Washington D.C. has been in one of the strangest legal situations in American cannabis history for over a decade. Residents voted to legalize marijuana back in 2014, local lawmakers have wanted to build a regulated retail market, and yet — thanks to a budget rider Congress keeps quietly renewing every year — no legal dispensary has been able to sell recreational weed in the nation's capital. Now, in a twist nobody really saw coming, Donald Trump's executive order directing the reclassification of cannabis from Schedule I to Schedule III might be the thing that finally breaks the logjam.
The Congressional Rider That Broke D.C.
The culprit behind D.C.'s decade-long recreational sales drought is a spending bill provision originally championed by Rep. Andy Harris of Maryland. It bars the District from using its appropriated funds to legalize or reduce penalties for any Schedule I substance. Simple enough — except that if cannabis moves to Schedule III, it is no longer a Schedule I substance, which means that specific restriction no longer applies to it.
The Congressional Research Service flagged exactly this dynamic in a 2024 report, noting that rescheduling would permit D.C. to "authorize the commercial sale of recreational marijuana, establish market regulations, and levy marijuana taxes, among other policy options." NORML made the same argument that same year.
There Is a Catch (Because There Is Always a Catch)
The rider also includes language prohibiting the legalization of "any tetrahydrocannabinols derivative," and that phrase is not defined anywhere in federal law. Legal analysts have noted this creates genuine interpretive ambiguity — it is unclear whether that language would still function as a blanket block on a regulated cannabis market, or whether courts would read it narrowly. NORML's position is that a court is unlikely to interpret "tetrahydrocannabinols derivative" as covering marijuana broadly, but that question has not been tested.
So D.C. could theoretically move forward, but it would be doing so with some legal fog still in the air.

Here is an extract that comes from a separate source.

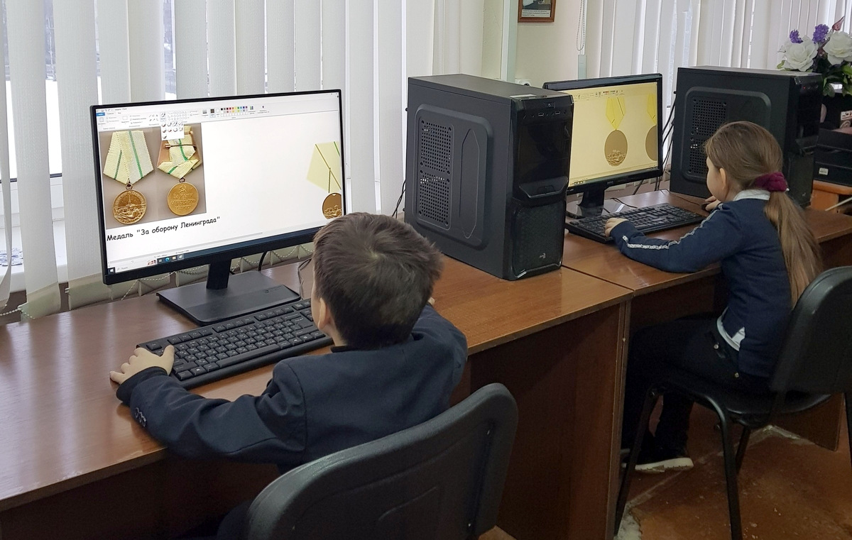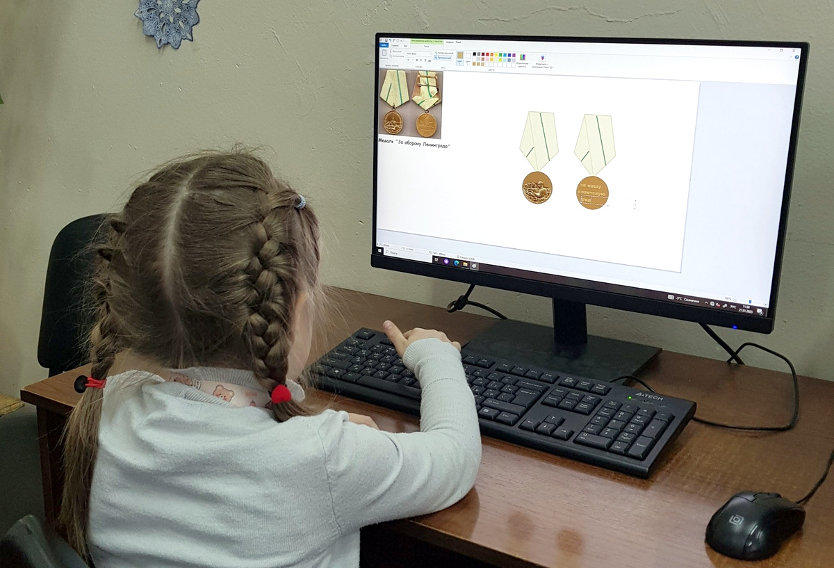Во время занятий ребята ознакомились с произведениями из альбома «Дети блокады» на портале Виртуального Русского музея и посмотрели фрагменты художественного фильма «Жила была девочка». А в практической части занятия изобразили в компьютерной графике модель медали «За оборону Ленинграда».

The Irony Is Not Lost on Anyone
The same administration that called D.C. marijuana policy a "failed" experiment that "opened the door to disorder" is now, through a separate executive action, potentially handing the District the legal breathing room it needs to build the regulated market it has been trying to create for years. Politics is weird. Cannabis policy is weirder.
Medical sales are already operating legally in D.C., so the infrastructure is not starting from zero. If rescheduling proceeds and local officials feel confident enough in the legal interpretation, the District could finally give residents the retail market they voted for — more than ten years later than they should have gotten it.
Watch this one closely, because the policy and legal details are going to matter enormously as rescheduling moves through the federal process.